Get a Headache Watching Avatar in 3D?

I saw it in 3D. The visual effect was indeed stunning. I'm not sure if it is heightened awareness associated with Avatar's market presence, but suddenly, headaches are being reported as a common side effect. Understanding how the brain sees and interprets depth may shed some light on why.
First, it helps to know that the brain uses many clues to interpret depth, besides the classic "3D sensation" that these movies evoke. They including things like the familiar size of objects that we know, the relative size of objects seen together, relative speed (motion parallax), color and luminance cues (distant objects have less contrast), accommodative (near focus) cues, and eye alignment clues, among others. The brain takes all visual cues and integrate them into "vision," including the sensation we take for granted as depth.

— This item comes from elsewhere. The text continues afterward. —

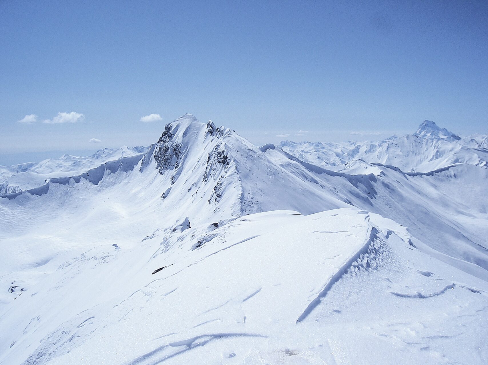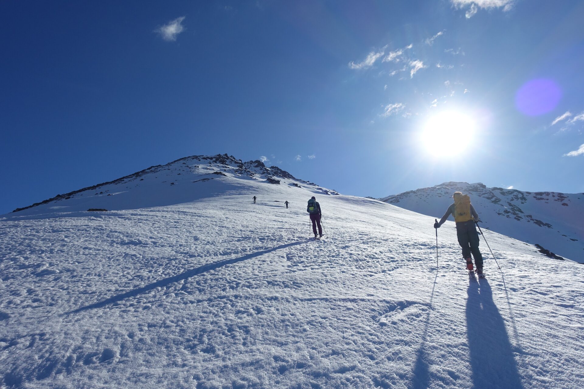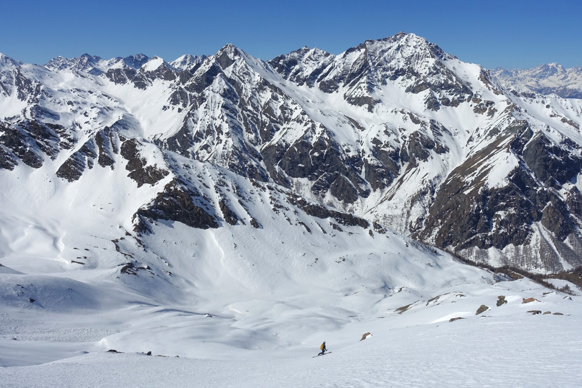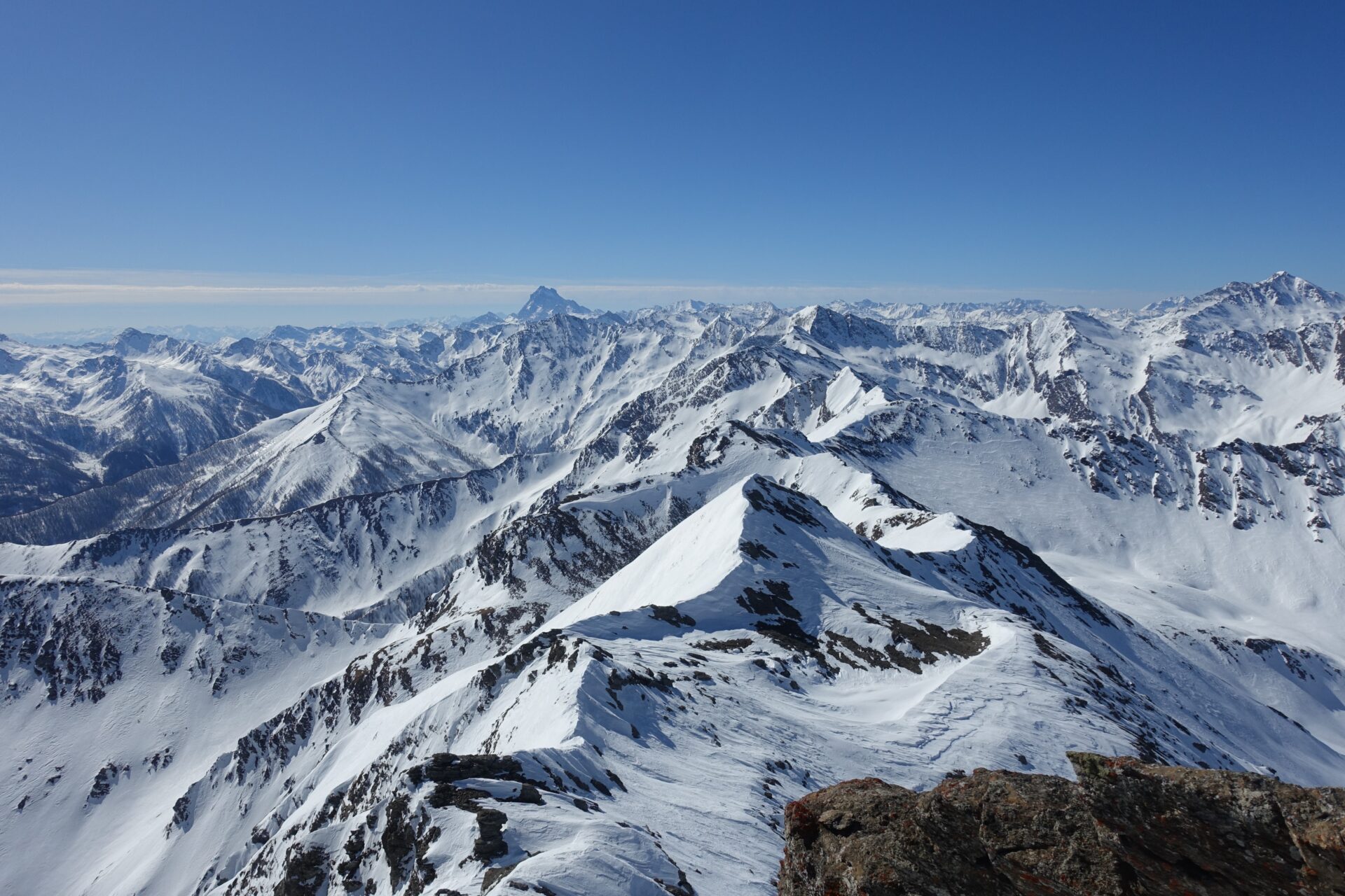 c-d: Di qui, attraversati i due canali di quest’ultimo, si procede per l’appunto lungo il costone del Ghinivert (a quota 2.435 si trova “l’Angolo”, evidente rudere delle vecchie installazioni minerarie) sino a quota 2.900 circa; quindi si piega a destra e, approfittando di un gradino naturale situato poco al di sotto della cresta nord-ovest, si attraversa il versante sud-ovest sino a trovarsi sotto la verticale della vetta che, lasciati gli sci, si raggiunge percorrendo per un centinaio di metri facili roccette affioranti. In alternativa, è possibile continuare ad attraversare in falso piano fino a congiungersi con la cresta sud della montagna. Di qui, intercettate le tracce del sentiero estivo, spesso sgombro da neve in stagione avanzata, si è agevolmente in vetta.

The "3D sensation" evoked in the recent spate of 3D movies is based on the phenomenon we call stereopsis. The brain uses distance parallax clues (ie, from which angle does each eye see the object) for this special sensation and is considered the highest form of visual processing, or "binocular vision." The technologies that stimulate your stereopsis typically offer your brain a false sense of parallax, but don't often address the many other clues we use to sense depth. Our natural visual system is overwhelmingly complex. Vision is a sensation that arises from such an impressive array of processing layers, that duplicating it perfectly is currently impossible using artificial means.
If you experienced a headache while watching a 3D movie, it may be due to miscues of your eye-alignment systems. It may also be due to the high rate of switching vision between right and left eye that happens with the new 3D technology, which appears seamless at 140 cycles per second. But as far as we know, watching a 3D movie is perfectly harmless and the headache temporary, if it happens to you. Enjoy the new fascination with 3D entertainment. It really has improved significantly, Toying with your stereopsis creates a real sense of wonder and appreciation for the genius of vision.